Qual è la relazione tra consumo di alcol e rischio di fibrillazione atriale? Nel corso degli ultimi anni diversi studi e revisioni hanno portato nuove evidenze sul tema, sia per quanto riguarda gli effetti acuti che quelli a lungo termine. Gli ultimi dati sono stati presentati qualche giorno fa nel corso dell’edizione 2021 del congresso dell’American Heart Association.

È noto che un consumo eccessivo di alcol si associa a un rischio più elevato di sviluppare condizioni quali cardiomiopatie, ipertensione, ipertrofia del ventricolo sinistro e apnee ostruttive del sonno (1). Allo stesso tempo, tuttavia, è stato suggerito che un moderato consumo di alcol può avere un effetto positivo sul rischio di coronaropatie, con una conseguente riduzione della mortalità cardiovascolare e per tutte le cause (2,3).

E per quanto riguarda la fibrillazione atriale? Lo studio dell’alcol come fattore di rischio costituisce un elemento importante nell’ambito di questa aritmia, con potenziali implicazioni in termini di prevenzione dell’ictus ischemico embolico e riduzione della mortalità cardiovascolare.

Quale consumo? Gli effetti a breve e a lungo termine dell’alcol

Una prima distinzione va fatta tra le conseguenze, in termini di rischio di fibrillazione atriale, che si verificano immediatamente dopo aver assunto alcolici e quelle associate a un consumo costante nel tempo.

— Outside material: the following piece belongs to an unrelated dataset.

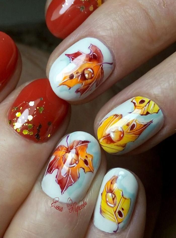 Фантазировать с рисунками можно бесконечно! Можно сделать основное покрытие в серой или шоколадной гамме, а затем нанести на него золотистые листочки при помощи стемпинга. Или же нарисовать белые контуры падающих листьев на блестящем фоне в осенних тонах.
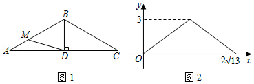 |如图 1, 在 $\triangle A B C$ 中, $A B=B C, B D \perp A C$ 于点 $D(A D>B D)$. 动点 $M$ 从 $A$ 点出发, 沿折 线 $A B \rightarrow B C$ 方向运动, 运动到点 $C$ 停止. 设点 $M$ 的运动路程为 $x, \triangle A M D$ 的面积为 $y, y$ 与 $x$ 的函数图象如图 2, 则 $A C$ 的长为 $(\quad)$

Era il 1978 quando Philip Ettinger e colleghi coniarono il termine “Sindrome del cuore in vacanza” per descrivere una serie di 24 pazienti ricoverati per un episodio di fibrillazione atriale in seguito a un avvelenamento acuto da alcol (4). Un consumo elevato di alcolici può infatti fungere da innesco per questa aritmia, con effetti diversi a seconda delle quantità e del timing. Ad esempio, anche se nella maggior parte dei casi l’episodio di fibrillazione atriale si verifica nelle prime ore dopo l’intossicazione da alcol è stato dimostrato che in alcuni casi questo può manifestarsi fino a 36 ore dopo (5, 6). Uno studio presentato nel corso dell’edizione 2021 delle scientific sessions dell’American Heart Association ha recentemente messo in evidenza come il consumo di alcol si associ a un rischio più elevato di episodi di fibrillazione atriale a breve termine e di primi episodi.

Nel corso dell’ultima edizione del Congresso dell’American College of Cardiology sono stati presentati i risultati dell’HOLIDAY Monitors Study sulla relazione tra consumo di alcol e probabilità di andare incontro a un episodio discreto di fibrillazione atriale. Peculiarità di questo studio era il monitoraggio continuo dell’attività elettrica del cuore (mediante monitor ECG) e del consumo di alcol (mediante sensore transdermico). È emerso che ogni aumento dello 0,1% del picco di concentrazione di alcol nel sangue si associa, nelle 12 ore successive al consumo, a un aumento del 38% del rischio di andare incontro a un evento di fibrillazione atriale. Inoltre, il potenziale aumento del rischio è stato riscontrato nel corso di tutte le 12 ore, con un picco dopo 3-4 ore.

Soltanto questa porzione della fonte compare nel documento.